[DATA — start]

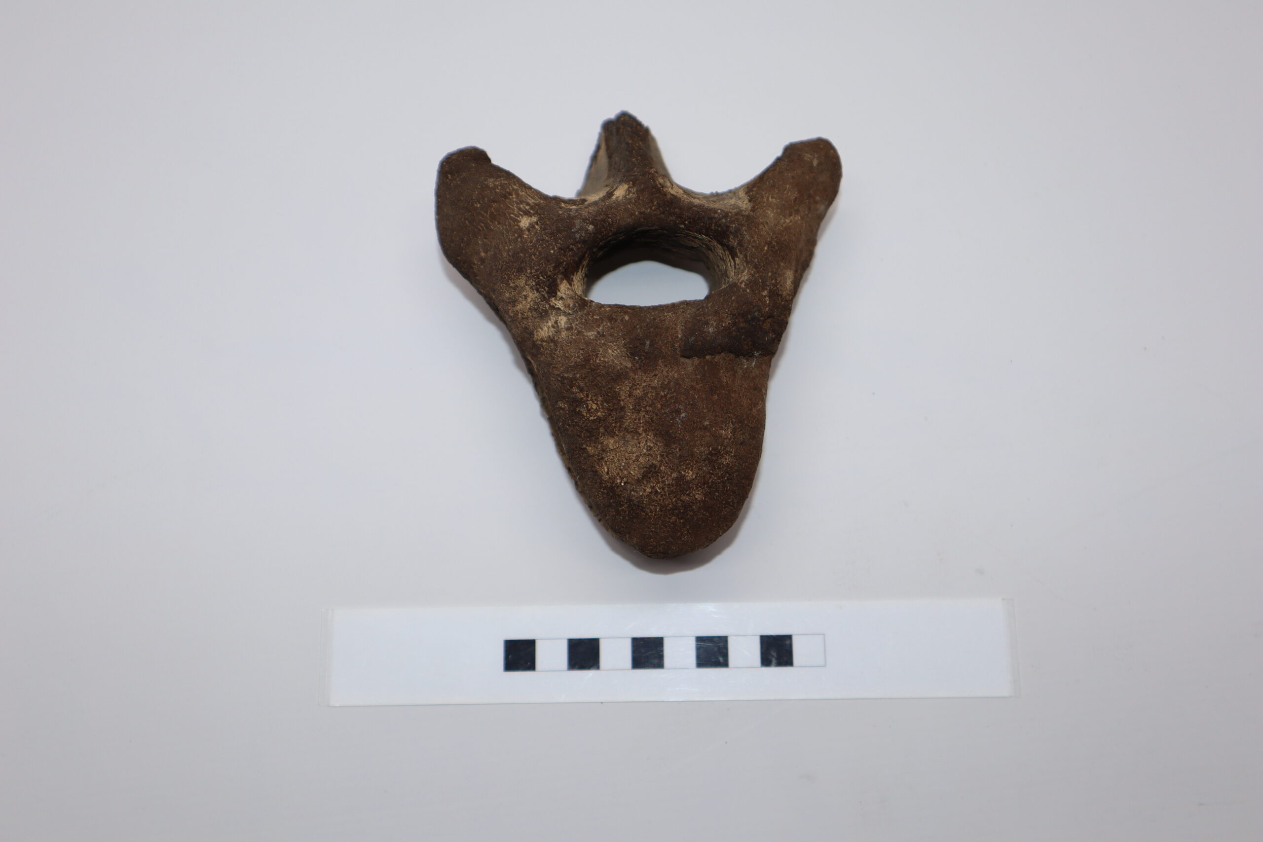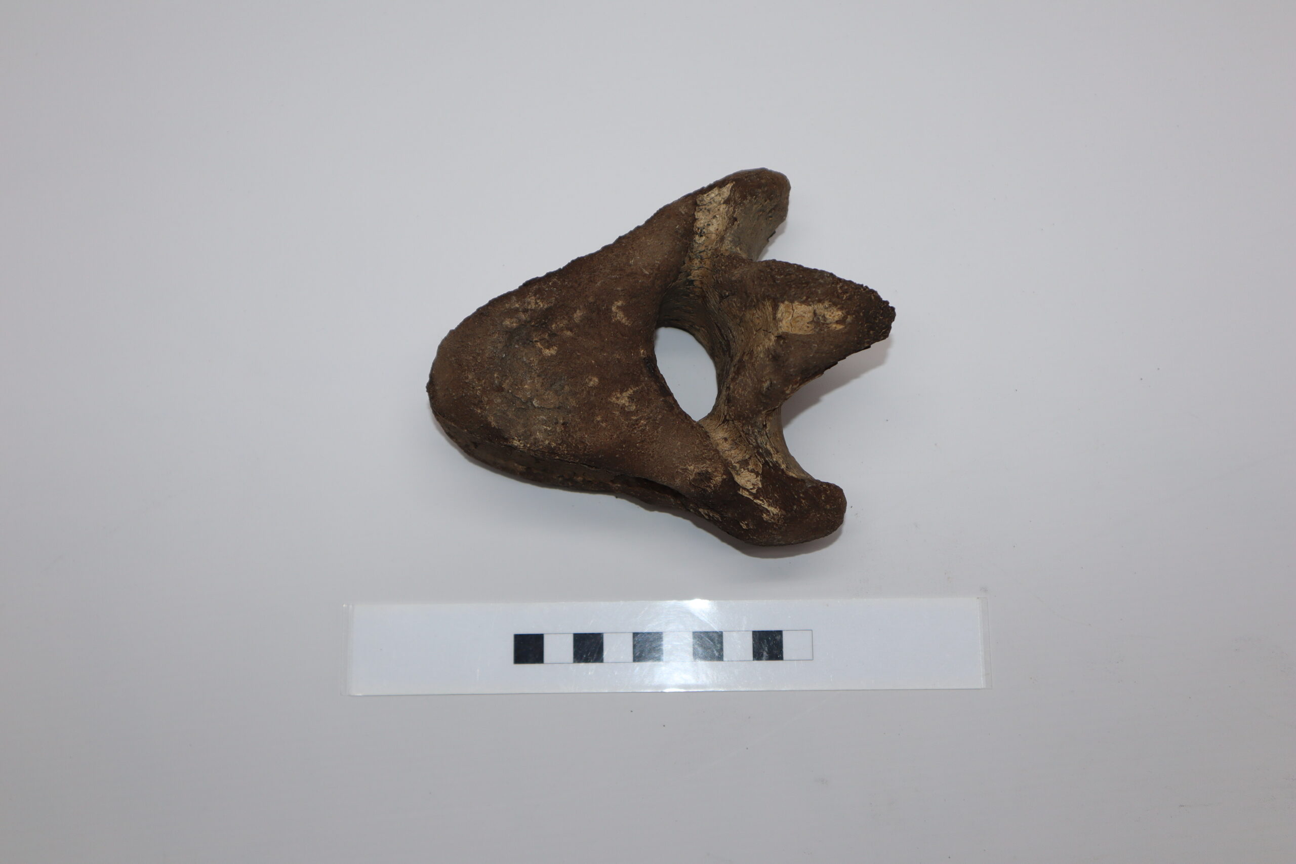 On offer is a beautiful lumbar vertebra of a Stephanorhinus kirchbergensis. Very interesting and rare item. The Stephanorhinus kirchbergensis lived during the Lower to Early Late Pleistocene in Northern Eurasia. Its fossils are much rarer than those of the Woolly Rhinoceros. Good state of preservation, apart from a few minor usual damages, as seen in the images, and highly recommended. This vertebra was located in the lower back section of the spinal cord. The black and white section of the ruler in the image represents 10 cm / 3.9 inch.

[DATA — finish]
[DATA — start]

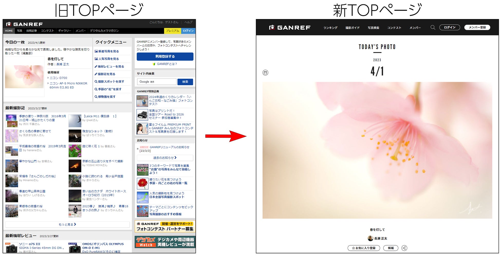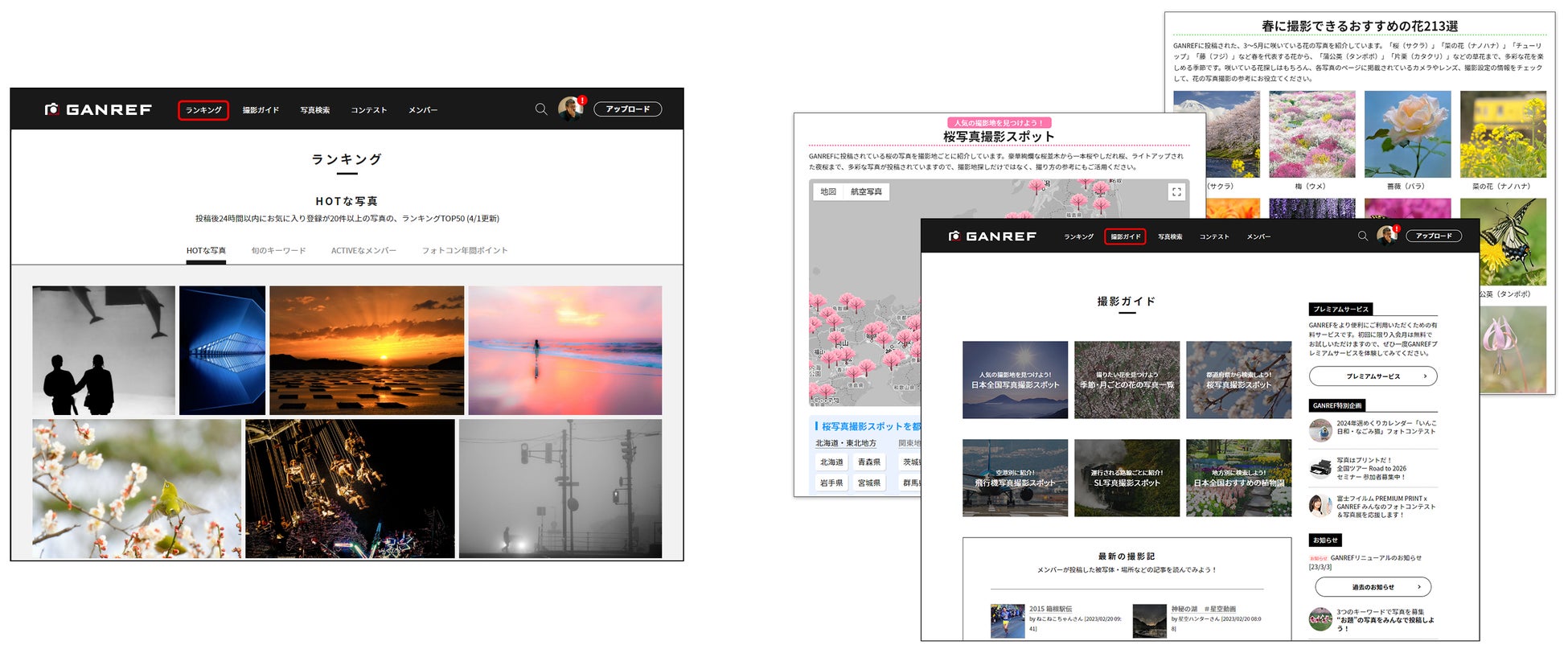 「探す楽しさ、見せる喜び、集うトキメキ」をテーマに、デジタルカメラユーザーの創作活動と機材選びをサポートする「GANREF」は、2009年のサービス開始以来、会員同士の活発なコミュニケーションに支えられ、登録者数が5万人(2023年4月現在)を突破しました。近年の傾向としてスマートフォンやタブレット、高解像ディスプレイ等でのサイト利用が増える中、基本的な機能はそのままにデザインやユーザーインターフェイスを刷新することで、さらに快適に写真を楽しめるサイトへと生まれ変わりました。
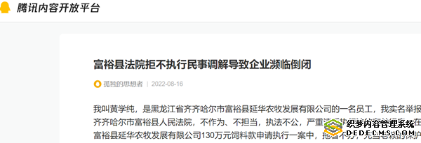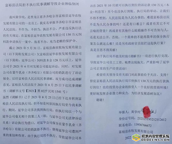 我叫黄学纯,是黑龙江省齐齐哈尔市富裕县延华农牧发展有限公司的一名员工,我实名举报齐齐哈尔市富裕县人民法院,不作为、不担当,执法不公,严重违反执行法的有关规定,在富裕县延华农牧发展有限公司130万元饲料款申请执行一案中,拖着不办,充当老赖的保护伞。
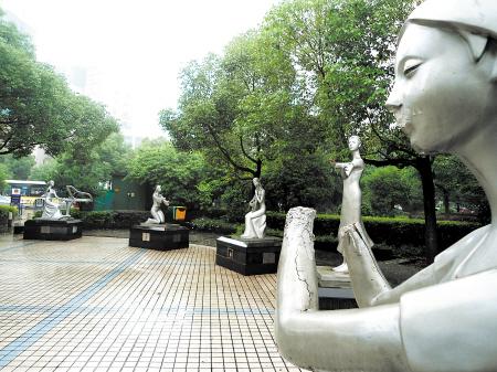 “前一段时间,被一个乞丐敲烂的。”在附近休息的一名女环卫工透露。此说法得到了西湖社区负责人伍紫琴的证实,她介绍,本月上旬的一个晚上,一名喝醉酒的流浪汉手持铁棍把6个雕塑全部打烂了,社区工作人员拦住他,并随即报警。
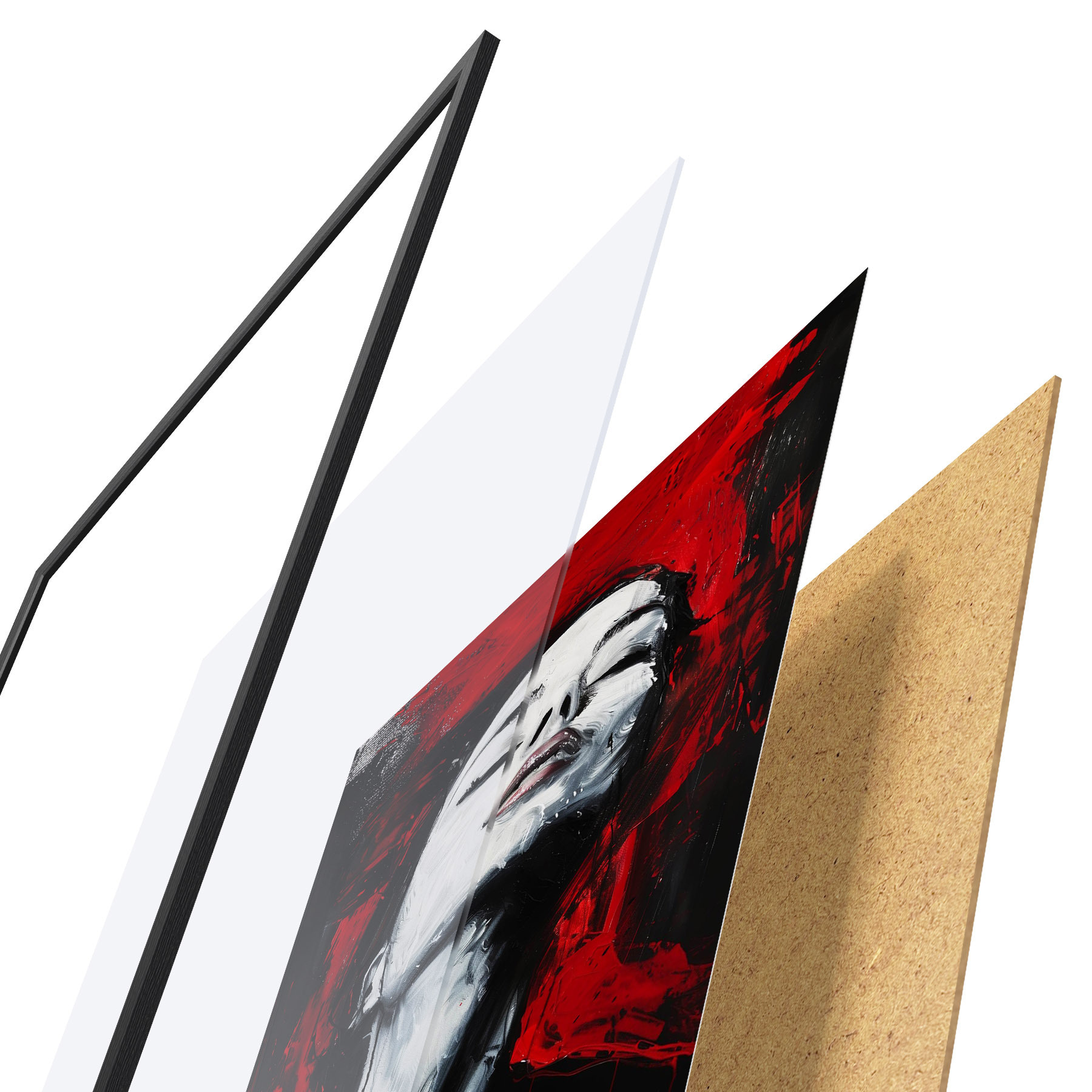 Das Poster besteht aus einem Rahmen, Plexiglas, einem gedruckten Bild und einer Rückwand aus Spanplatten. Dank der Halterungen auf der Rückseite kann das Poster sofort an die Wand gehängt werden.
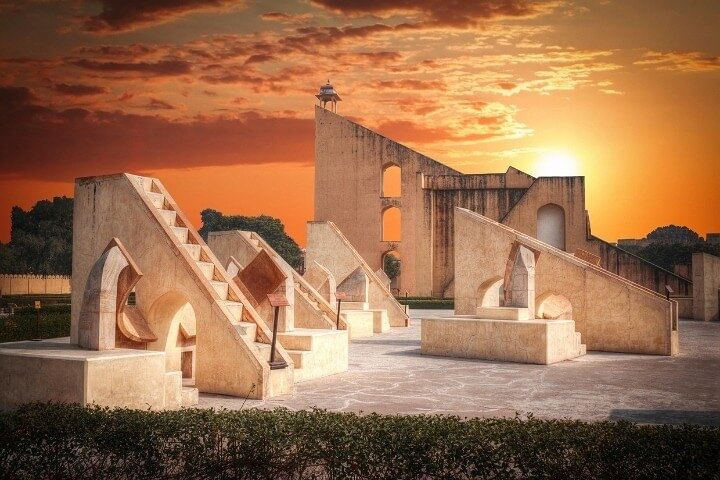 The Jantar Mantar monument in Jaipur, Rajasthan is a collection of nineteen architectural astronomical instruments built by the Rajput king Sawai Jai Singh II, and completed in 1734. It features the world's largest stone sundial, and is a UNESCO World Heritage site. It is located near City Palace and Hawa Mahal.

[DATA — finish]

◆ TASK TO COMPLETE ◆
Transcribe the lines above exactly, beginning at the one with "Das Poster besteht" and ending at the one with "The Jantar Mantar". Include both; exclude the pictures.

◆ ANSWER SECTION ◆
 Das Poster besteht aus einem Rahmen, Plexiglas, einem gedruckten Bild und einer Rückwand aus Spanplatten. Dank der Halterungen auf der Rückseite kann das Poster sofort an die Wand gehängt werden.
 The Jantar Mantar monument in Jaipur, Rajasthan is a collection of nineteen architectural astronomical instruments built by the Rajput king Sawai Jai Singh II, and completed in 1734. It features the world's largest stone sundial, and is a UNESCO World Heritage site. It is located near City Palace and Hawa Mahal.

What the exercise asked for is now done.